When the fix doesn't fix it: a Host header, a router, and a patched nginx
Wanted to reach my Livebox's admin UI from outside my home network, through the nginx-based reverse proxy (npmplus, an nginx-proxy-manager fork) I already run for everything else. Two problems showed up back to back, and the second one took a lot longer to pin down than the first.
Problem 1: the Livebox rejects requests it doesn't recognize
Any request through the proxy came back as an immediate connection reset. Testing directly against the Livebox confirmed it: any HTTPS request whose Host header didn't exactly match its own IP got dropped before a response was even sent. This is anti-DNS-rebinding protection, common on ISP-supplied routers — the router treats a mismatched Host header as a sign someone is trying to trick a browser into managing it from the outside.
Fix: rewrite the Host header before it leaves the proxy, so the Livebox sees a request for 192.168.1.254, not for the public hostname:
proxy_set_header Host 192.168.1.254;
proxy_ssl_server_name off;
That cleared the reset. Progress — but not the finish line.

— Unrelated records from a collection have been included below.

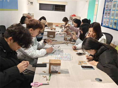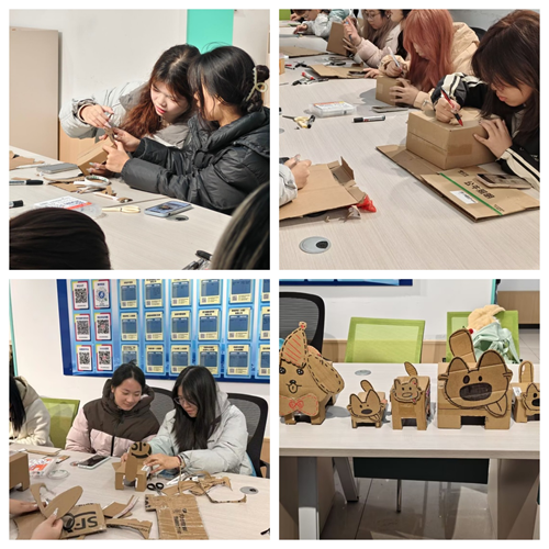 活动现场,废纸盒、剪刀、彩笔等工具一应俱全,同学们围坐在一起各抒己见,分工明确,有的负责绘制,有的负责裁剪,还有的同学专注于装饰……普通的纸盒也就变得“时尚”起来。一堆普通的纸盒摇身一变成为一只只活灵活现的狗狗,憨态可掬,古灵精怪,每一只都独一无二,它们承载着同学们的奇思妙想,也附着着浓浓的同学情。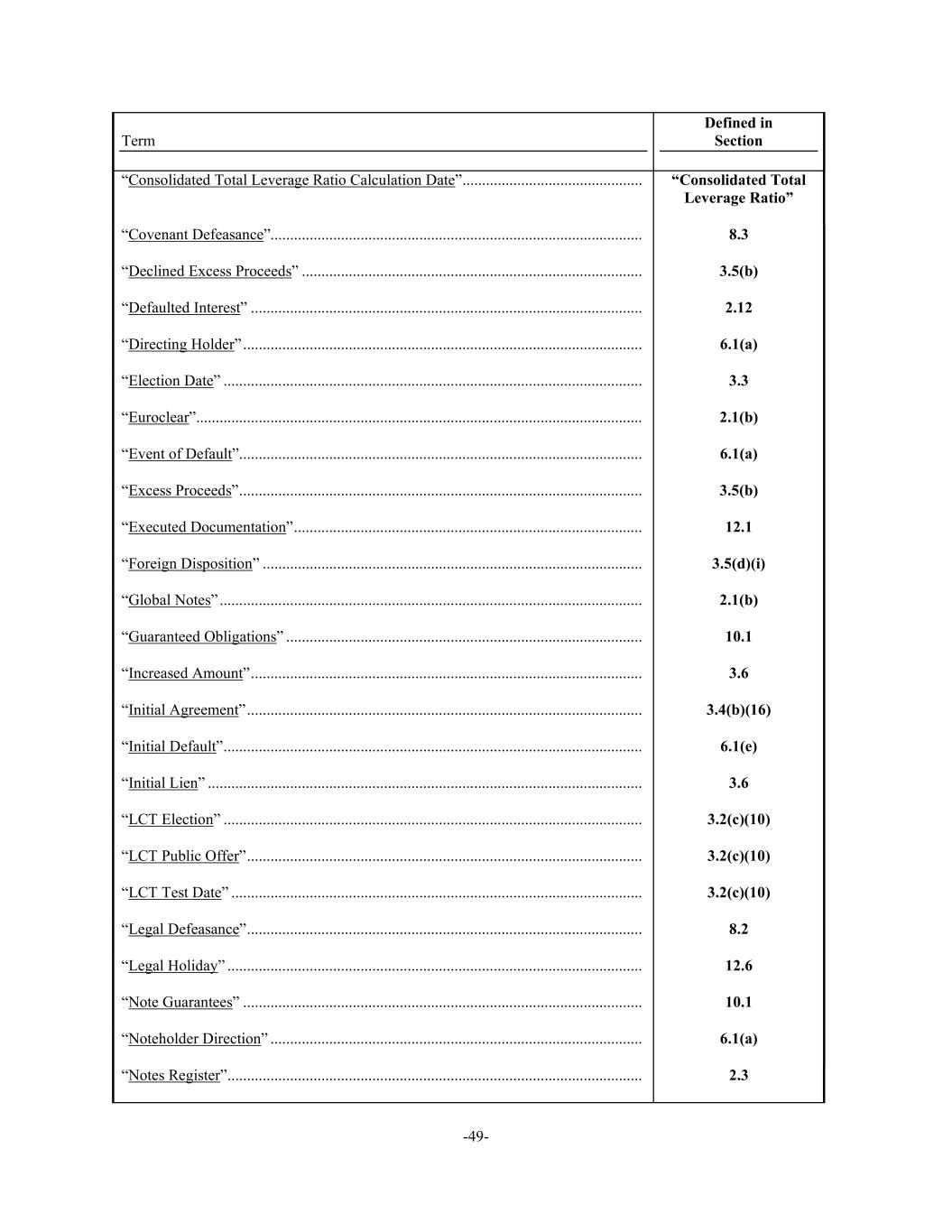 -49- Term Defined in Section “Consolidated Total Leverage Ratio Calculation Date” .............................................. “Consolidated Total Leverage Ratio” “Covenant Defeasance”............................................................................................... 8.3 “Declined Excess Proceeds” ....................................................................................... 3.5(b) “Defaulted Interest” .................................................................................................... 2.12 “Directing Holder” ...................................................................................................... 6.1(a) “Election Date” ........................................................................................................... 3.3 “Euroclear” .................................................................................................................. 2.1(b) “Event of Default” ....................................................................................................... 6.1(a) “Excess Proceeds” ....................................................................................................... 3.5(b) “Executed Documentation” ......................................................................................... 12.1 “Foreign Disposition” ................................................................................................. 3.5(d)(i) “Global Notes” ............................................................................................................ 2.1(b) “Guaranteed Obligations” ........................................................................................... 10.1 “Increased Amount” .................................................................................................... 3.6 “Initial Agreement” ..................................................................................................... 3.4(b)(16) “Initial Default” ........................................................................................................... 6.1(e) “Initial Lien” ............................................................................................................... 3.6 “LCT Election” ........................................................................................................... 3.2(c)(10) “LCT Public Offer” ..................................................................................................... 3.2(c)(10) “LCT Test Date” ......................................................................................................... 3.2(c)(10) “Legal Defeasance” ..................................................................................................... 8.2 “Legal Holiday” .......................................................................................................... 12.6 “Note Guarantees” ...................................................................................................... 10.1 “Noteholder Direction” ............................................................................................... 6.1(a) “Notes Register”.......................................................................................................... 2.3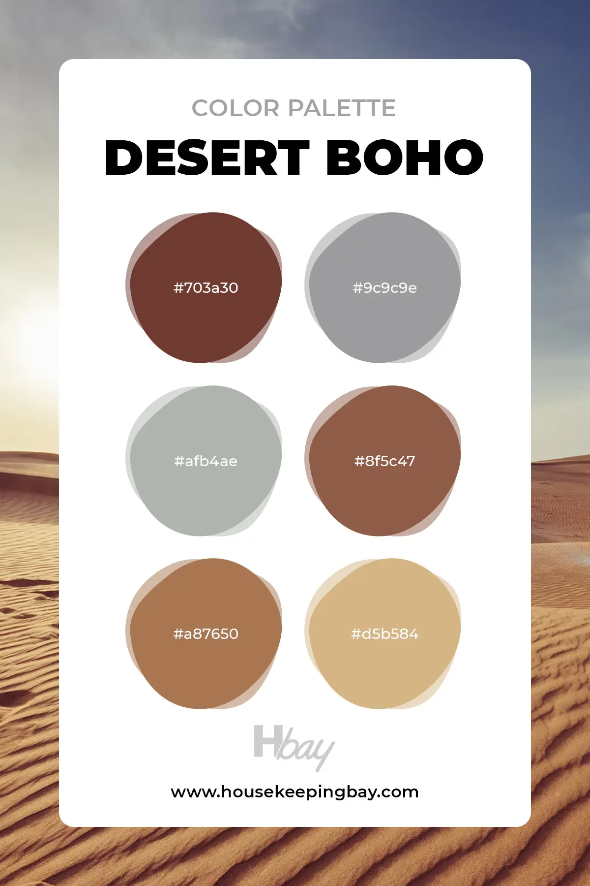 For a more subdued yet warm monochrome option, consider the Desert Boho palette. This mix features calming colors like: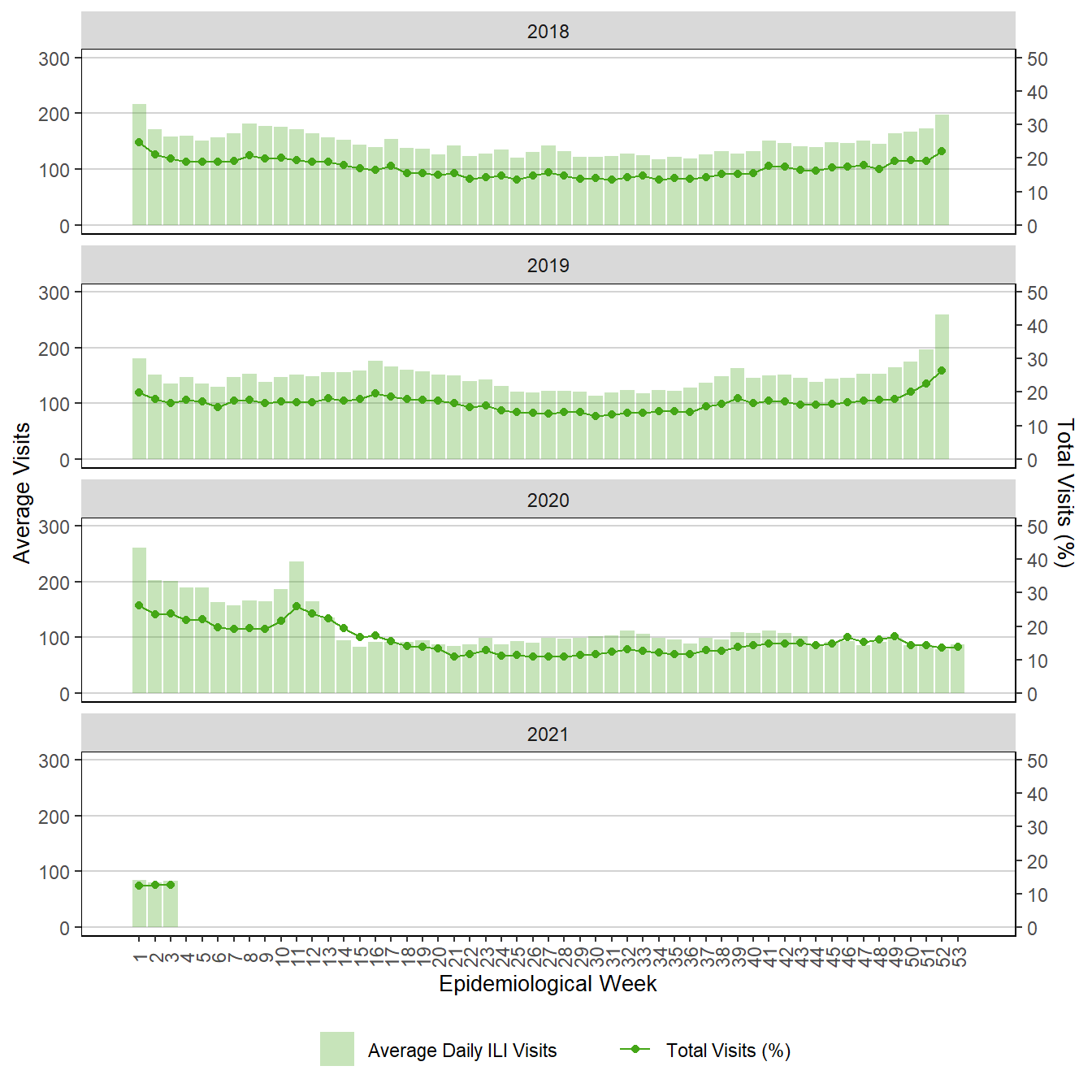 Figure 12. Weekly Respiratory Visits to Emergency Department, Winnipeg Regional Health Authority, Manitoba, 2018 – 2021

Problem 2: still failing, with a much sneakier cause
With the Host header fixed, the proxy now returned 502 Bad Gateway — "upstream prematurely closed connection while reading response header." Replaying the exact same request by hand with openssl s_client, same headers, same HTTP version, worked every time: full page, correct size. Through the proxy, it kept failing.
A few rounds of isolating variables (HTTP version, TLS version, cipher suite, ALPN, buffering, keepalive) ruled out anything to do with what the proxy was sending. A packet capture showed the TCP/TLS session between the proxy and the Livebox completing cleanly — no reset, just less data coming back than a full page should contain.
The deciding test: standing up a bare, minimal nginx with an equivalent config, on a different host, worked immediately. That isolated the problem away from "nginx" in general and onto something specific to this particular proxy's setup.
The proxy manager in question ships a custom-patched nginx build — specifically, one patched to support the nginx-plus-only dynamic upstream resolve feature, so upstream targets can be re-resolved on the fly. That patched code path turned out to be the actual bug. Replacing the generated upstream { ... resolve; } block with a direct proxy_pass straight to the IP fixed it immediately:
location ~ ^/ {
proxy_pass https://192.168.1.254$request_uri;
proxy_set_header Host 192.168.1.254;
proxy_ssl_server_name off;
}
Takeaways
- If a reverse-proxied request to a router/appliance admin UI gets silently reset, check the
Hostheader first — a lot of consumer routers guard against exactly this. - When a fix doesn't fix it, don't assume the theory was wrong — check whether you're still testing the same code path. A working manual replay next to a failing proxied one is a strong signal something below the config layer is involved, not just above it.
- Custom-patched software carries custom-patched bugs. A feature borrowed from a commercial fork (in this case, nginx-plus's dynamic upstream resolution) is exactly the kind of code path that gets less real-world mileage than the stable core it's bolted onto.